Der Test von HMNC-Brain Health und des Max-Planck-Instituts für Psychiatrie analysiert Genvarianten, die die Blut-Hirn-Schranke beeinflussen und so den Übergang von Antidepressiva ins Gehirn entweder einschränken oder erleichtern können. Schon mit einer einzigen Blut- oder Speichelprobe kann der sogenannte ABCB1-Test den behandelnden Ärzten Empfehlungen geben, welche Wirkstoffe wirksam wären und wie groß die Dosis sein soll.

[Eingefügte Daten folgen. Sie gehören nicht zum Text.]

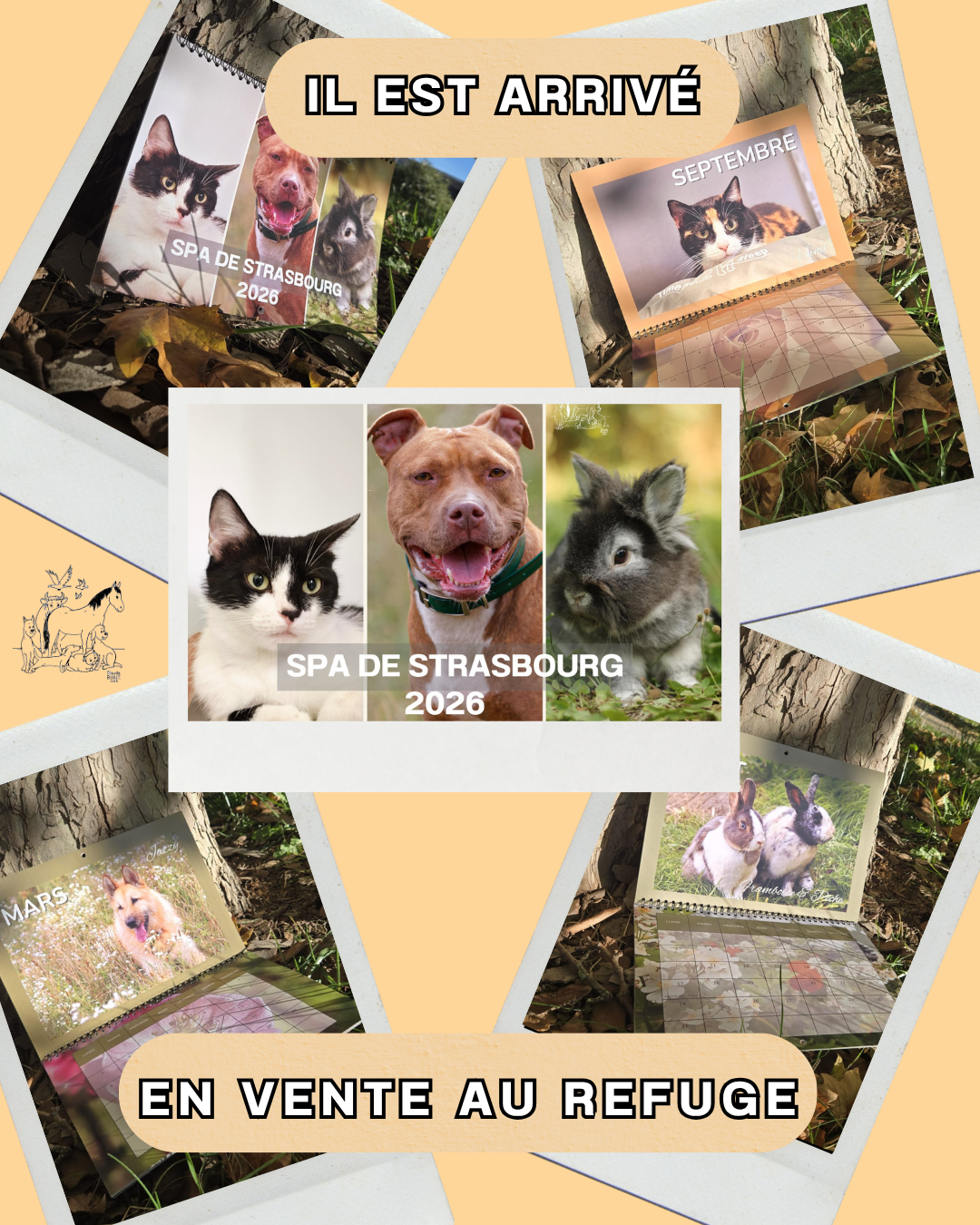 Découvrez le Calendrier 2026 de la SPA de Strasbourg, illustré par les photos de nos pensionnaires et de leurs magnifiques regards pleins d’espoir 🐶🐱🐰
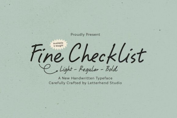 Fine Checklist Handwriting Font is a clean handwritten typeface with a natural, everyday writing feel.The strokes are smooth, slightly textured, and easy to read, giving it a calm and friendly vibe. With light, regular, and bold weights, this font is flexible for notes, planners, packaging, labels, posters, and casual branding. It feels simple, honest, and relaxed—perfect for designs that want a neat handwritten look without feeling messy.
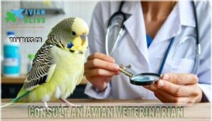 When facing tail feather loss in your budgie, seeking professional veterinary care becomes essential for proper diagnosis and treatment.

Wie die Entwickler betonen, kann der ABCB1-Test einmalig durchgeführt werden, sein Ergebnis soll aber lebenslang gültig sein.

In Österreich noch nicht zugelassen

Zugelassen ist der ABCB1-Test bis jetzt nur in ein paar wenigen europäischen Ländern – Österreich ist nicht darunter – wie Deutschland und Frankreich und nur in der Schweiz wird er zum Teil von den Krankenkassen bezahlt. Noch sei es also ein weiter Weg, bis der Gentest großflächig und kostengünstig angeboten wird. Von Braunmühl zeigt sich aber optimistisch, dass in der personalisierten Medizin künftig einige Fortschritte und neue Testverfahren für die Behandlung von Depression aufkommen. Derzeit würden mehrere Labore und Unternehmen an neuen Tests arbeiten. Im Gegensatz zu dem ABCB1-Gentest untersuchen diese aber nicht die Blut-Hirn-Schranke, sondern eher wie die Antidepressiva im Körper verstoffwechselt werden.

Eines sei laut dem Unternehmer klar: „Je mehr hier gefördert wird, je mehr Aufmerksamkeit in der Öffentlichkeit für das Thema herrscht, desto eher kommt es zu einem positiven Schneeballsystem mit mehr Innovationen.“ Von Braunmühl ist sich sicher, dass den Patientinnen und Patienten durch die anstehenden Fortschritte im Bereich der Psychiatrie künftig immer effektiver geholfen werden kann.